Captionify is a web application that generates a descriptive caption for an image using an encoder-decoder architecture. The application uses a pre-trained Transformer-based vision model (ViT) as an encoder and a pre-trained language model (GPT2) as a decoder to generate highly accurate captions for uploaded images or image URLs.
To use Captionify, simply upload an image or enter an image URL on the web interface. The tool will then use the pre-trained models to generate a descriptive caption that accurately describes the contents of the image.
To install Captionify, simply clone this repository and install the necessary dependencies using pip:
git clone https://github.com/<username>/<repository>.git
cd <repository>
Install the required dependencies using the following command:
pip install -r requirements.txt
Then run the app.py file using the following command:
streamlit run app.py
This will launch the application on your local machine. You can then upload an image or enter an image URL to generate a descriptive caption.

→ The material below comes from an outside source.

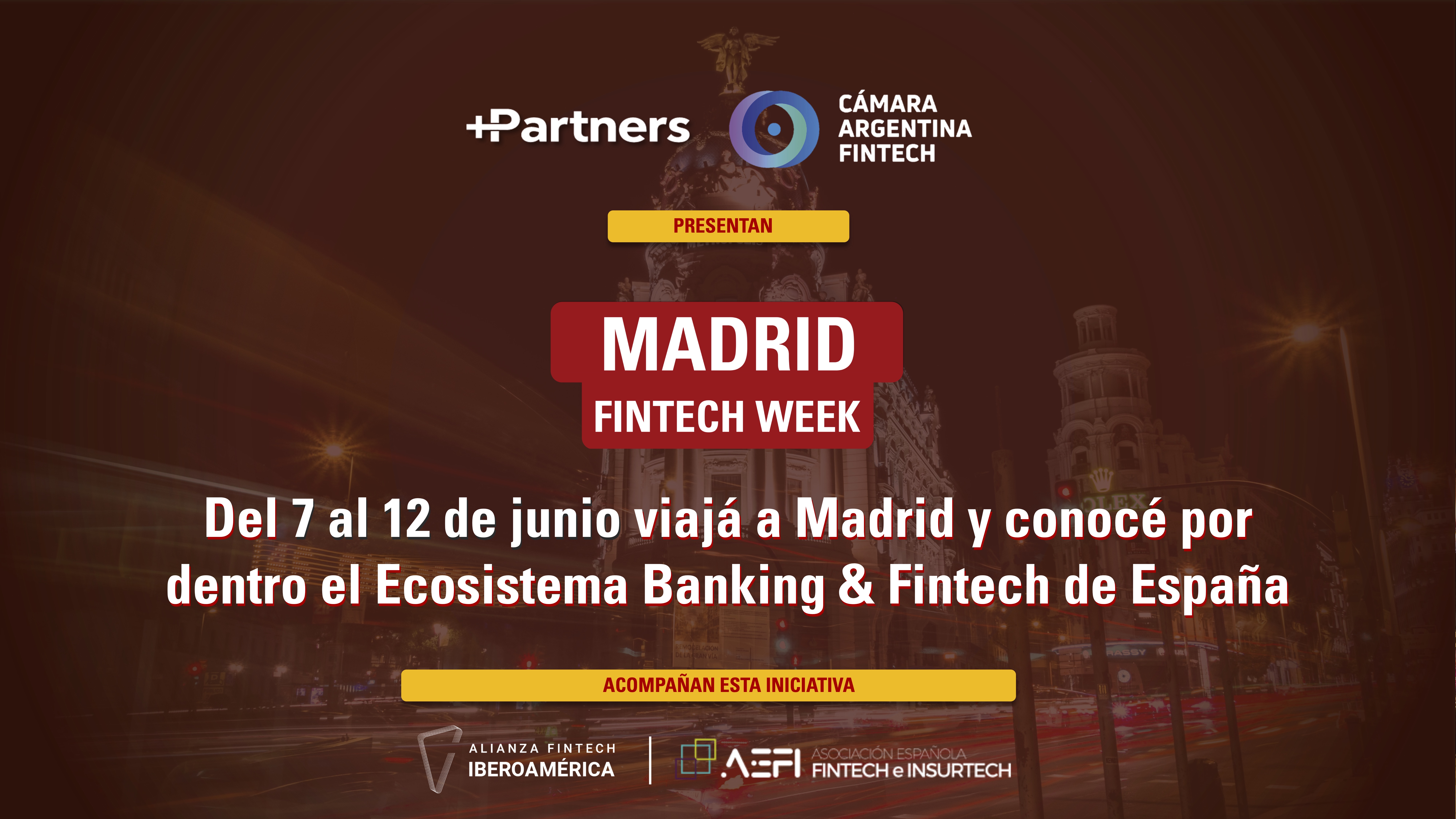 La Cámara Argentina Fintech, junto a +Partners, organiza una misión comercial a España con el objetivo de conocer en profundidad el ecosistema Banking & Fintech español y explorar oportunidades de expansión en el mercado europeo.
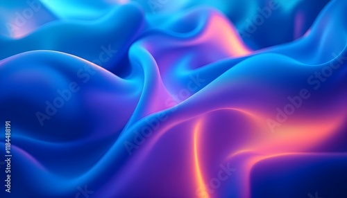 Wavy blue and purple abstract background extreme close-up. 3d renders metallic liquid background. Abstract neon texture. Rainbow 3d holographic foil. Abstract blue and purple illuminated smooth wavy

Captionify uses an encoder-decoder architecture to generate captions for images. The encoder is a pre-trained Transformer-based vision model (ViT) that encodes the input image into a sequence of feature vectors. The decoder is a pre-trained language model (GPT2) that generates a descriptive caption for the image based on the encoded features.
- streamlit
- requests
- Pillow
- transformers
- torch
- This project is based on the Encoder-Decoder architecture and uses pre-trained models from the Hugging Face Transformers library.
- The application was developed using Streamlit, an open-source app framework for Machine Learning and Data Science projects.